Joy follows miscarriage grief
ISWORE I would have no more children. The morning sickness was so debilitating it became normal. Back and forth to the GP, he reassured me that this was pregnancy and it soon would pass. Only it didn’t.
I was velcroed to the couch, surviving on ginger tea and Saos. I still cringe at the smell of garlic. The only light at the end of the tunnel was our first scan.
“What a job, introducing couples to their babies,” I said to my husband, as we entered the ultrasound clinic. We were intoxicated with joy.
We walked into the dark room, lit only by a TV screen. I lay on the bed as the young sonographer squeezed cold gel on to my tummy. I stared at the screen. At first she was quite hasty, moving the remote across my belly. A tiny baby the size of a grape. A little smile grew on my face as my husband took a photo.
The sonographer zoomed in. Measured. Zoomed again. Measured. Colours appeared on the screen. The silence was deafening.
“It looks like you are about nine weeks,” she said.
That couldn’t be. I was 12 weeks plus five days or more. I started to worry. The sonographer stepped out of the room. Was she doing it right?
She returned a few minutes later.
“The baby has no heart beat or blood supply. Your baby passed at nine weeks and one day. I’m so sorry.”
For the first time, I saw my husband cry. We left heartbroken. Torn. Lost. Empty.
We were completely different people to those we were when we walked in.
By lunchtime we saw our GP who brought us no answers or relief. She told us it might have been a “thickened placenta”.
We were sent to the emergency department at our local hospital bearing a sealed yellow A5 envelope, inside the ultrasound report containing the answers we so desperately sought.

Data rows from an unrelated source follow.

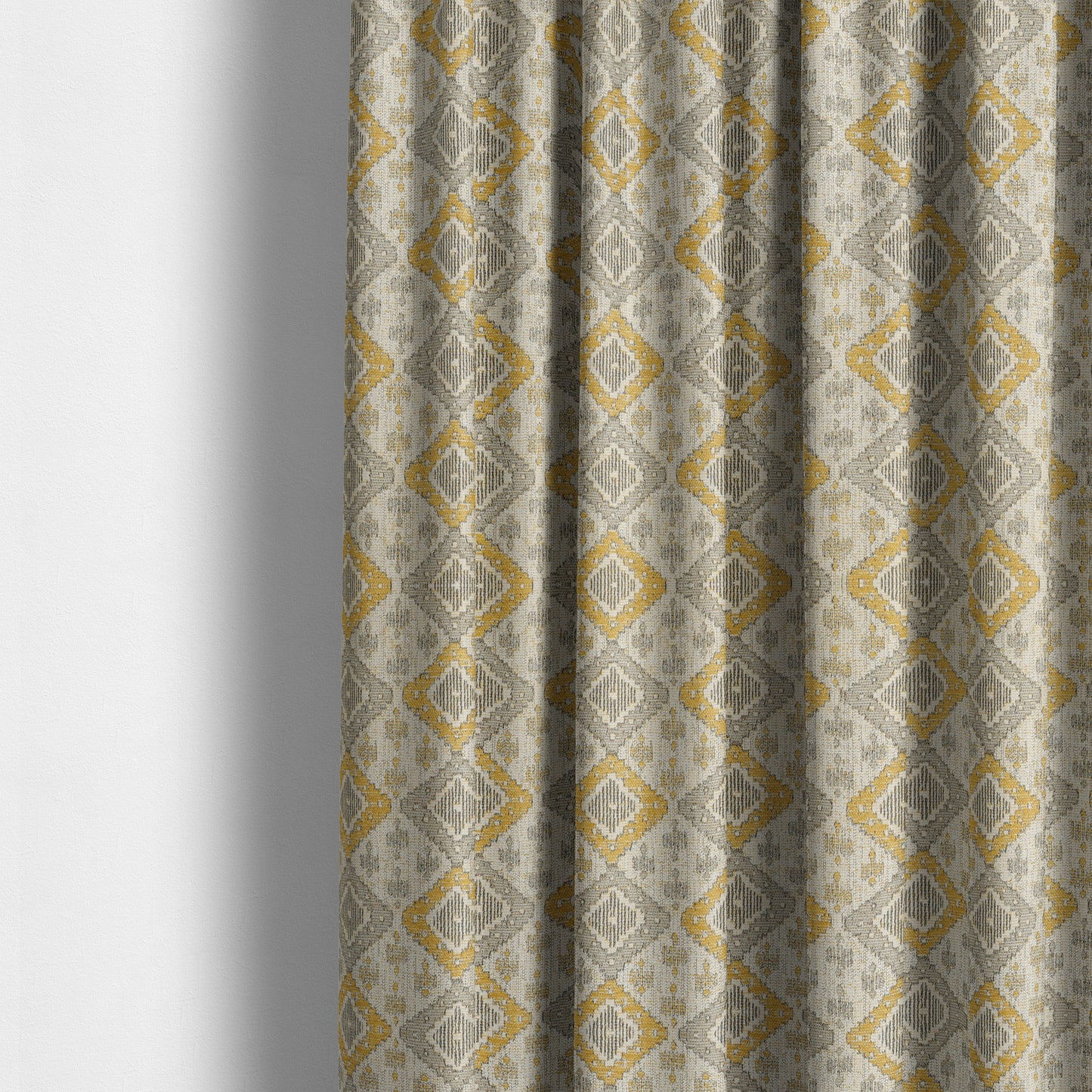 Upgrade your home decor with our Atmosfera quality woven curtains, featuring a geometric inspired pattern in a vibrant yellow colour. Made to measure for a perfect fit, these curtains are sure to elevate any room with their modern and stylish design.
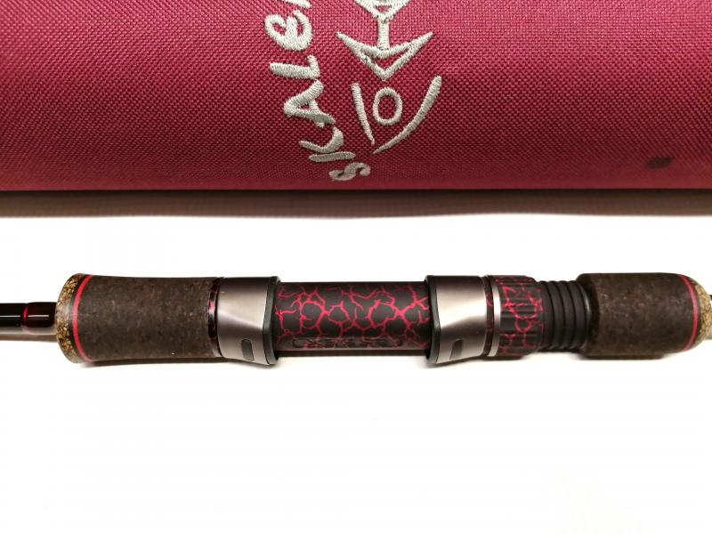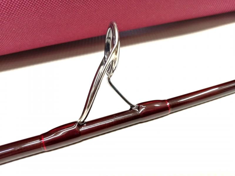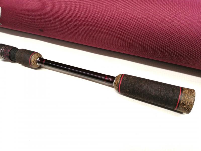 Ten egzemplarz dostał dzieloną rękojeść z korka burnt , wstawki z czerwonej pianki i korkogumy, uchwyt Essex red cracked, przelotki Fuji Sic Slim. Omotki  burgundowe, w kolorze blanku .
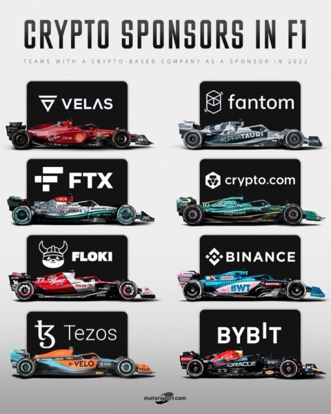 As many as six cars of the different teams were sponsored by cryptocurrency companies, including Binance, Bybit, Fantom, FTX, Crypto.com, Tezos and others.
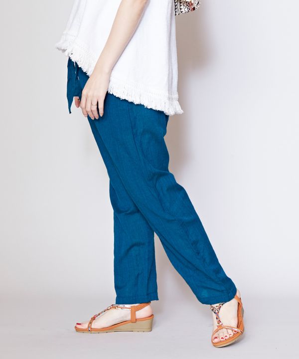 着るほどに馴染む。ネパールコットンで作った軽やかな風合いのイージーパンツ。へその下3寸の位置にある丹田を締めることで、体内に集まる気を引き締める効果があると言われています。折り返し部分の配色がアクセントに。
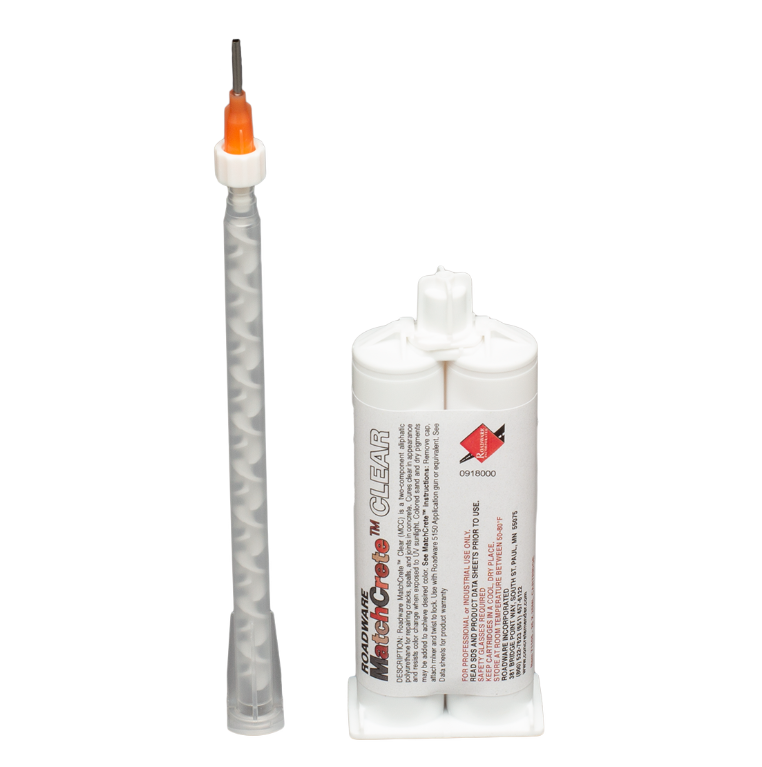Roadware Matchcrete Clear is a two-component low viscosity polyurethane for repairing anything from hairline cracks to spalled concrete. Colored sand or pigments can be added to create UV stable repairs that can match any colored concrete. Each kit will fill 3-4′ of a hairline crack. Requires 50mL mini applicator (sold separately)
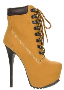 This category includes all kinds of ankle boots with laces on the heel. Fashionable women who prefer a free style of clothing, we can recommend the model on the platform with a thick square heel. Stylists recommend choosing concise models, without intrusive décor, as the lacing itself is the main focus of shoes.
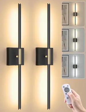 7800mAh Battery Operated Wall Sconces Set of Two, Rechargeable Wall Sconces with Remote, 360° Rotatable Battery Wall Sconce Decor, 27.6'' Wireless Wall Lights for Bedroom, Living Room(Black Gold)
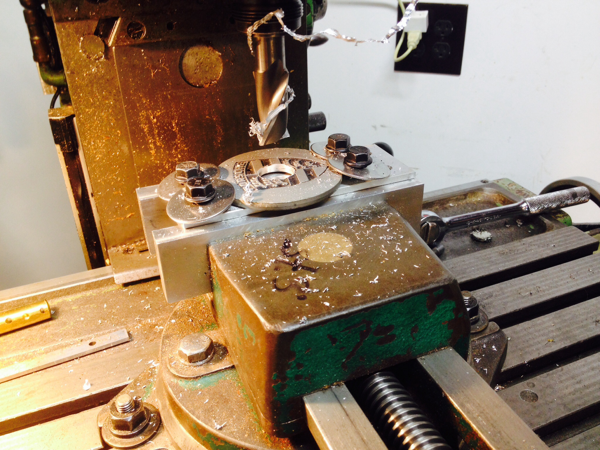 This tool approximates a diff and uses the same bearings. A dial indicator is held inside that can be seen inside the hole. It bears on the tip of the pinion shaft. |
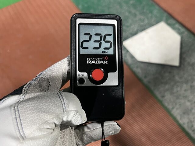 「220km/h」設定の「Pocket Radar」計測値は235KPHの数値が出ました
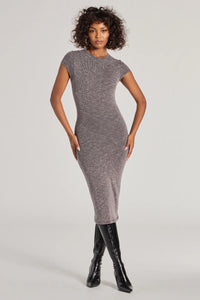Every girl needs this basic ribbed knit midi dress in her line up! The dress features a classic crew neckline and short sleeves perfect for layering with a sweater or jacket and a form-hugging fit.
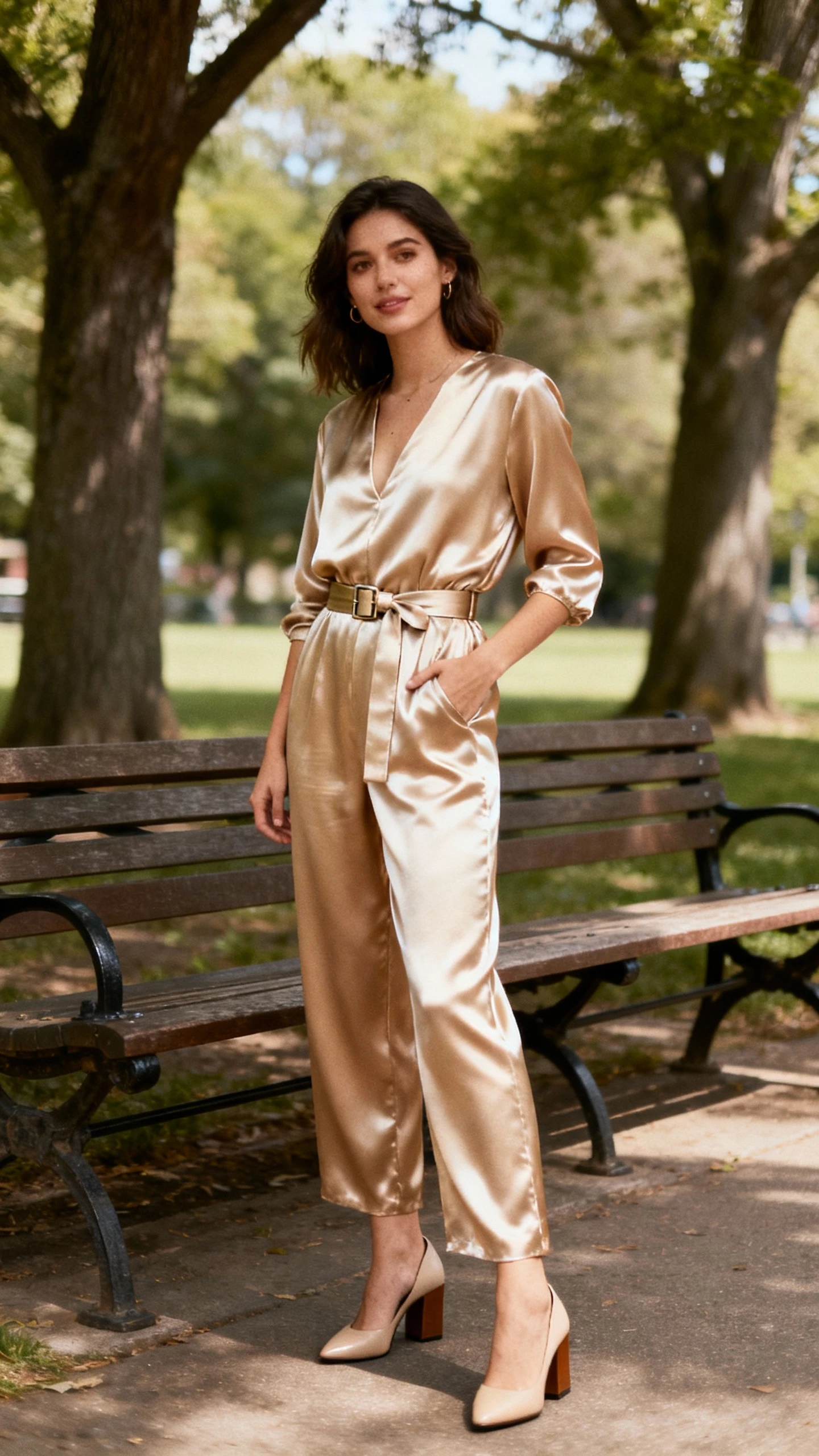 - Satin or crepe jumpsuit in champagne or warm beige
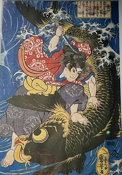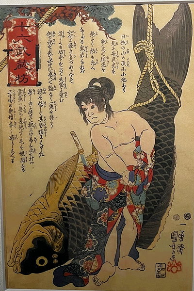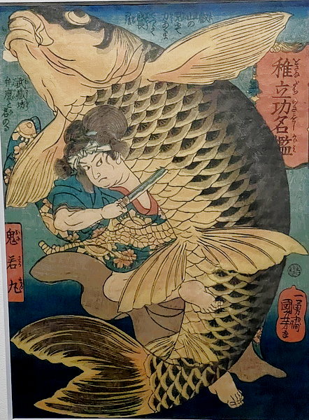 家喻戶曉,身穿紅色肚兜、擁有奇神怪力的金太郎,是力量與正義感的象徵,受人喜愛。江戶時代因為近松門左衛門(1653-1725)淨琉璃的劇作《嫗山姥》,人們更習以「怪童丸」稱之。傳說他是足柄山一位老婦人在夢見赤龍後懷上的孩子,天生勇猛無雙。後追隨源賴光,以「坂田金時」之威名震動四方,屢建戰功,成為賴光四天王之一,一同打敗大江山的酒吞童子。在國芳筆下,身形壯碩赤身紅膚的金太郎,無懼熊抱起一尾比人身巨大,奮力躍起的黑鱗錦鯉,流水奔湍,水花噴濺。〈坂田怪童丸〉江戶時代 歌川國芳約1836年作〈坂田怪童丸〉,私人收藏。描繪了一幅「金太郎與巨鯉」的題材,在江戶時代,這類圖像可能與祝願男子身強體健的寓意有關。黑錦碩大的軀體擺動著尾鰭,襯托出金太郎強健的體魄,飛濺的水花增添全景張力,動物的野性受雄壯的男子氣慨所懾服,生動詮釋金太郎的英雄形象。
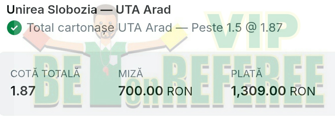 | April 13 | Unirea Slobozia v UTA Arad | o 1.5 UTA | 700 | 1.87 | Won | 609 |
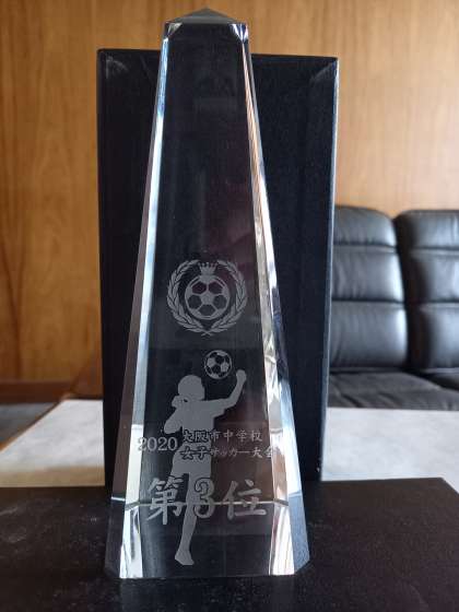 第2学期始業式を放送で行いました。また、始業式に先立って「大阪市中学校女子サッカー大会」で第3位になった女子サッカー部員への表彰が放送で行われました。トロフィーの授与はできませんでしたが、立派なトロフィーをもらっています。
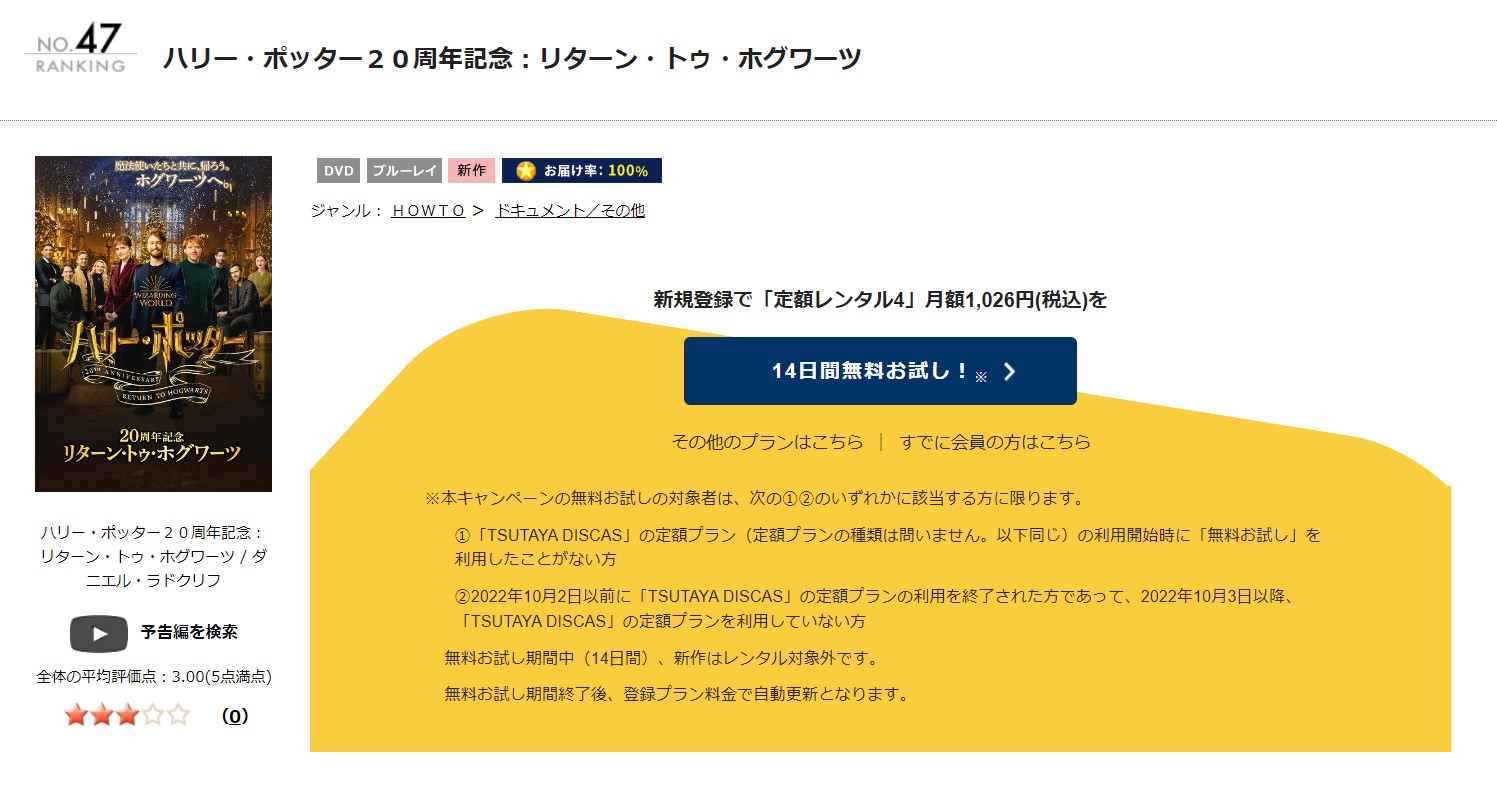 となっており、映画『ハリー・ポッター20周年記念(同窓会):リターン・トゥ・ホグワーツ』などの「新作DVD」は無料期間が終了し、有料プランに移行後レンタル可能になります。
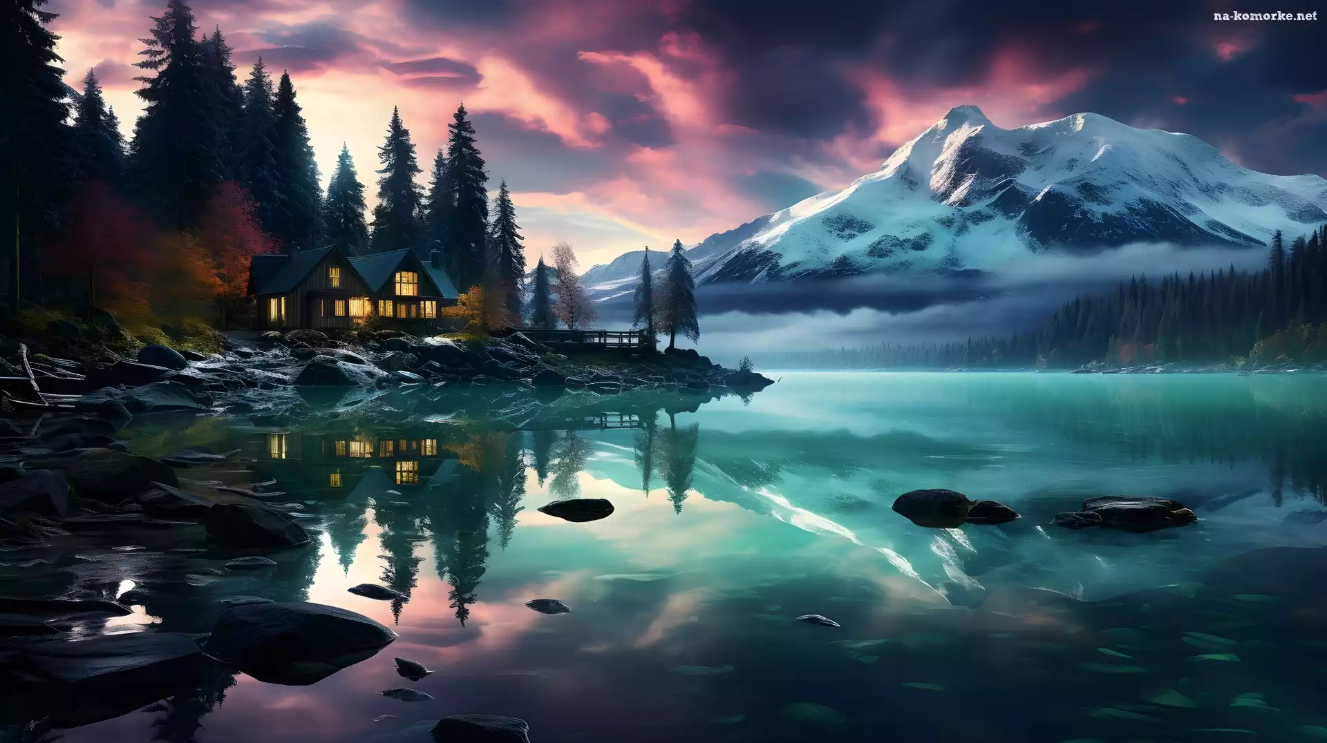 Las, Oświetlony, Odbicie, Kamienie, Jezioro, Góry, Zima, Dom, Drzewa na Komórkę

The morning sickness was stronger than ever. Part of me didn’t believe the news we were handed. We were sent home.
I still carried the metallic taste in my mouth that for weeks had driven me crazy. The nausea was still present and the pork we ate for dinner still made me sick. I found myself rubbing my belly like you were there, but you were not. I hoped nobody saw.
What if they had made a mistake? Then came the thoughts of “what had I done at the nine-week mark that could have caused your little heart to stop beating? What had I done wrong? Did I drink too much coffee, hold my phone too close? Was it that one wine I drank before I knew I was actually pregnant?” I was drowning in a pool of guilt.
The next day, we returned to the hospital’s pregnancy clinic. Inside was swollen with outpatients, heavily pregnant women and their midwives with smiles from ear to ear. It felt as though they knew, like I was wearing a giant neon sign.
A doctor delivered the news. I had a partial molar pregnancy. My pregnancy hormone hCG (human chorionic gonadotrophin) levels measured much higher than a normal pregnancy. Heightened hormone levels associated with molar pregnancies increase symptoms of morning sickness and the womb can grow larger than normal.
A partial molar pregnancy results from an extra set of chromosomes. With an imbalance of genetic material after conception, the pregnancy develops abnormally and the placenta outgrows the baby. The condition affects one in 1200 pregnancies in Australia each year. Sometimes a baby is present in the womb, other times not. In my case a baby did form but it would never be viable.
A few hours passed before I was wheeled into the theatre room and put under anaesthetic. In what felt like a split second I was suddenly no longer pregnant.
And then the tests for cancer followed. I would undergo weekly blood tests every week for two months screened by the Queensland Trophoblast Centre, based at the Royal Brisbane and Women’s Hospital, to ensure my hCG levels were falling. The tests would then go on monthly for almost a year until my hCG reached and stayed at zero. The end of any wanted pregnancy is devastating, but the possibility of persistent disease added another layer of concern for us.
In up to 15% of women, abnormal placental cells can remain and continue to produce hCG, which can lead to more persistent diseases that require chemotherapy. Women with molar pregnancies are advised not to fall pregnant for 12 months, though the chances of a recurring molar pregnancy are 1%.
Two years later I would welcome a delightful baby girl into the world on October 15, 2016. By coincidence the same day is International Pregnancy and Infant Loss Remembrance Day. A gentle reminder of our past, because you never forget.
More blood tests and my hCG levels were monitored again after this birth and will be for any subsequent births, in the rare chance molar cells remain.
In the weeks and months that passed, I found strength in the fact that I was not alone. It wasn’t until we shared our story, people around us shared theirs. Because something that broke our hearts equally brought us closer together.
I found myself rubbing my belly like you were there, but you were not. I hoped nobody saw.